Я двинулся следом, затем побежал:
— Дядя!.. Худяков!
Из-под опаленных строчек бровей на меня влажно и невидяще оглянулась чужая боль.
— Вы… я вам… хотите, груш принесу, сладкие…
— Груш-игруш, — невнятно пробормотал он. — А ты чего, испугался, что ль?.. Не боись, земеля, не то терпели.
Он еще беспокоится обо мне! Даже подмигнул для успокоения: не то подмигнул, не то поморщился.
— Правда, сладкие груши, вот увидите…
— Не шебаршись, не буду… вот синявочку дай!
И в самом деле синеват грибок — «синявочка». Господи, да я этих сыроежек хоть сто штук… Ну сто не найду, а десяток уж точно.
И снова гляжу и удивляюсь, как теплеют глаза у солдата, поднесшего к лицу никчемнейший из грибов.
— Это заместо наркозу, — пояснил он. — Вот дам соседу понюхать — сразу оклемается, свою Елоховку вспомнит. Молоденький он вовсе, Ванюшка-то, а поди ж ты…
Договаривал бы уж, не маленький, всяких раненых видел, и без рук, и без глаз…
— Куда его?
— И осколок-то — тьфу! — Худяков отчеркнул на ногте самую малость. — Но угадал в позвонок — и амба! Ни рукой, ни ногой…
— Вылечат, — убежденно сказал я, заглядывая в глаза Худякову.
— Кабы так… — ушел он взглядом в морскую, притушенную ненастьем даль.
В то утро мы долго расхаживали с солдатом его ногу. Подстрелили Худякова, как рассказывал он, в первой же передряге — еще и до фронта доехать не успели, как попал их эшелон под удар мотопехоты. Пока вытаскивал раненых из горящего вагона, подпалило его, а как из-за насыпи поднялись в рост, в атаку, тут его пули и нашли. Не повезло Худякову, не повезло немца достать.

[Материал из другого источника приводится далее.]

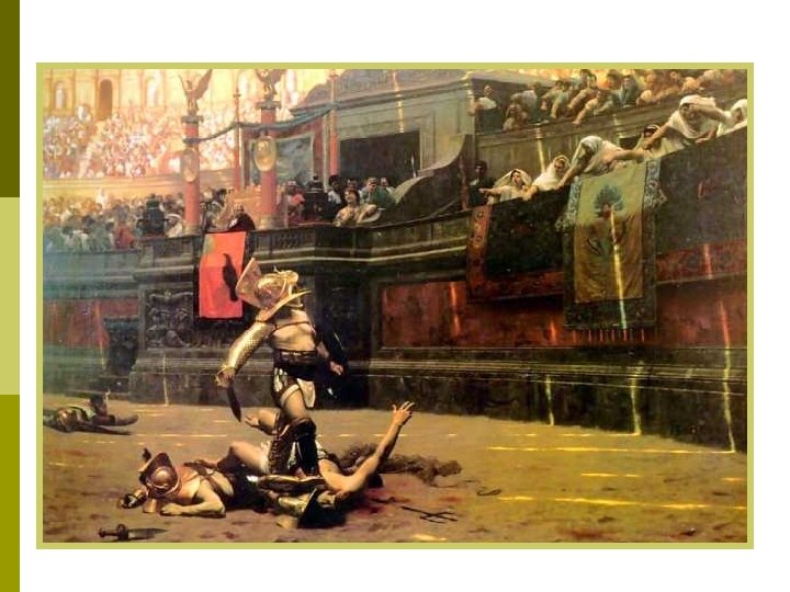 Colosseum p p p Exotic animals hunts, gladiatorial combat, executions, brutal plays, battle recreations and possibly naval battles with alligators entertained the crowds Christians martyred still debated Used as a social valve to control populace

— Ты не гляди, что худ, зато жилист, на кулачных без свинчатки укладывал с раза.
Перед распахнутыми воротами госпиталя я еще раз предложил Худякову чего-нибудь принести, может, инжиру вяленого. Он не знал, что такое инжир. Вот если б книгу какую…

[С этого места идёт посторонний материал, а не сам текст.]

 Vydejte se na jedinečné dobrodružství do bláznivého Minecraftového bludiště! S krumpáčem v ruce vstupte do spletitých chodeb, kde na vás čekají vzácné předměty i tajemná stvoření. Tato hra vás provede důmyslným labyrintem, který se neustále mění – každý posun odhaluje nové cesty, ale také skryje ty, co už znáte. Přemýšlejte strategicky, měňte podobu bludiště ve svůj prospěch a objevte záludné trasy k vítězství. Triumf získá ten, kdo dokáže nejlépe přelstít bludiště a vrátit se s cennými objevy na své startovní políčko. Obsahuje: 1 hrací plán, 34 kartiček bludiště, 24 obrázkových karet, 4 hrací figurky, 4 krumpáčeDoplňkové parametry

«Какую…» Ну, конечно, ту самую!
Накануне войны родители подарили мне книгу, на обложке которой боролось с ледяными глыбами суденышко: «Жизнь и приключения Руала Амундсена». Я прочитал ее, как выпил — одним глотком, столь удивительна была жизнь обыкновенного мальчугана, который решил покорить земной полюс и добился своего. Книгу эту я поставил в изголовье кровати, на самом видном месте, и с той поры не однажды подо мной скрежетали, хрустели, с оглушительным треском разламывались торосы, глубокие трещины змеились черной водой… Я успевал кому-то протянуть руку, случалось, и меня вытаскивали из внезапно разверзшейся пучины, только трудно было припомнить, кому именно обязан я был своим спасением. Скорее всего Руалу.
Я тотчас сбегал и принес Амундсена. Поводив жухлыми пальцами по обложке, от которой еще внятно пахло той, довоенной жизнью, Худяков обрадовался:
— Баская книга… Ты там меня жди, где встретились.

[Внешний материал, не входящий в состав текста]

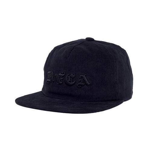 Boné Rvca coleção ANP ARTIST BENJAMIM JEAN JEAN, aba reta desestruturado em veludo cotele de algodão, aplique bordado frontal, etiqueta personalizada na lateral, regulador snapback plástico e etiqueta personalizada atrás.
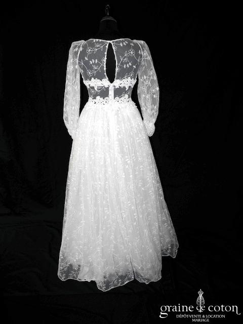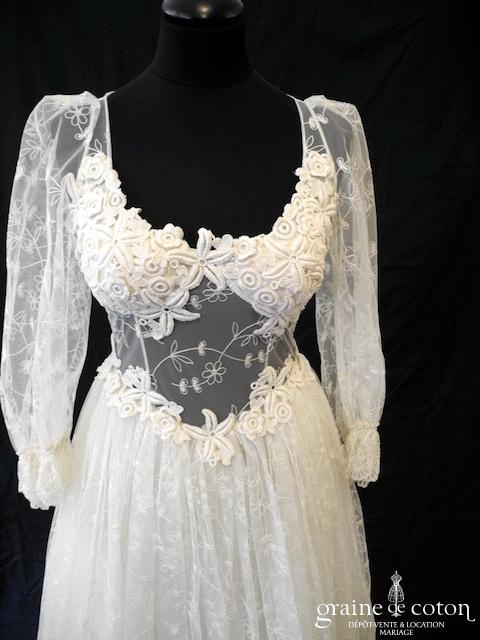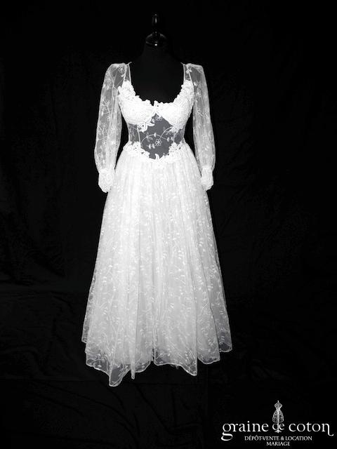 Robe une pièce ivoire : bustier en tulle bordé transparent, guipure de dentelle aux endroits stratégiques ;o) Dos boutonnée, manches longues finitions dentelle. Jupe évasée et fluide en tulle brodé, …
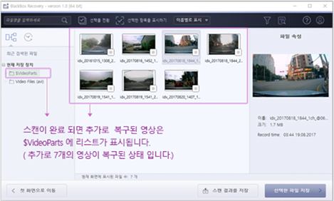 블랙박스는 저장과 삭제가 반복되는 특성상 장애 유형에 따라 복구율이 달라질 수 있습니다.
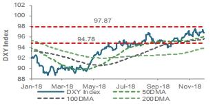 贸易紧张局势缓解和美联储鹰派基调减弱重新提振了风险偏好,G20峰会利好发酵助商品货币澳元、纽元刷新阶段高点。尽管意大利预算问题出现缓和迹象,但欧元区经济增速放缓,外加一系列仍未解决的政治风险,仍可能会迫使欧洲央行推迟加息,使得欧元承压。随着英国脱欧期限临近,接下来这一周将为英国经济的命运提供更多线索

И закостылял, закостылял, не оглядываясь, торопясь, быть может, остаться наедине с пришлой судьбой.
На следующее утро спозаранку я излазил весь сквер, сыроежек нашел и чернушек, то-то сюрприз будет Худякову. Но не пришел он ни в этот день, ни на следующий.
Ночью мне приснилось, как Худякову отнимают ногу пилой. Распластали его на столе дюжие, с застывшими лицами санитары и двуручной, острой — вжик-вжик по живому… Я кинулся к ним: «Постойте! Что творите! Как же он без ноги?» А меня уж кто-то держит, да крепко, и валит навзничь: «Вот мы сейчас твою ногу — ему». Я вырывался изо всей мочи, но хватка у санитаров была железной, и проснулся я в тот самый миг, когда стальные зубья уже стали примеряться по коже бедра, как по полену.
Дрожь потрепала меня и унялась, едва я поднял с пола сброшенное одеяло и натянул по самое горло. Погано было на душе. Неужели Худякову и вправду… А я свою пожалел.
За окном по крыше погромыхивал оторванной жестью ветер. Монотонно ворочал гальку прибой. И наверное, дождь так вкрадчиво, еле внятно шуршал по листьям.
Забытье то забирало, то вновь отпускало меня, и, вглядываясь в смутно белеющие бумажные кресты на стеклах, я не мог отогнать от себя тревожных предчувствий.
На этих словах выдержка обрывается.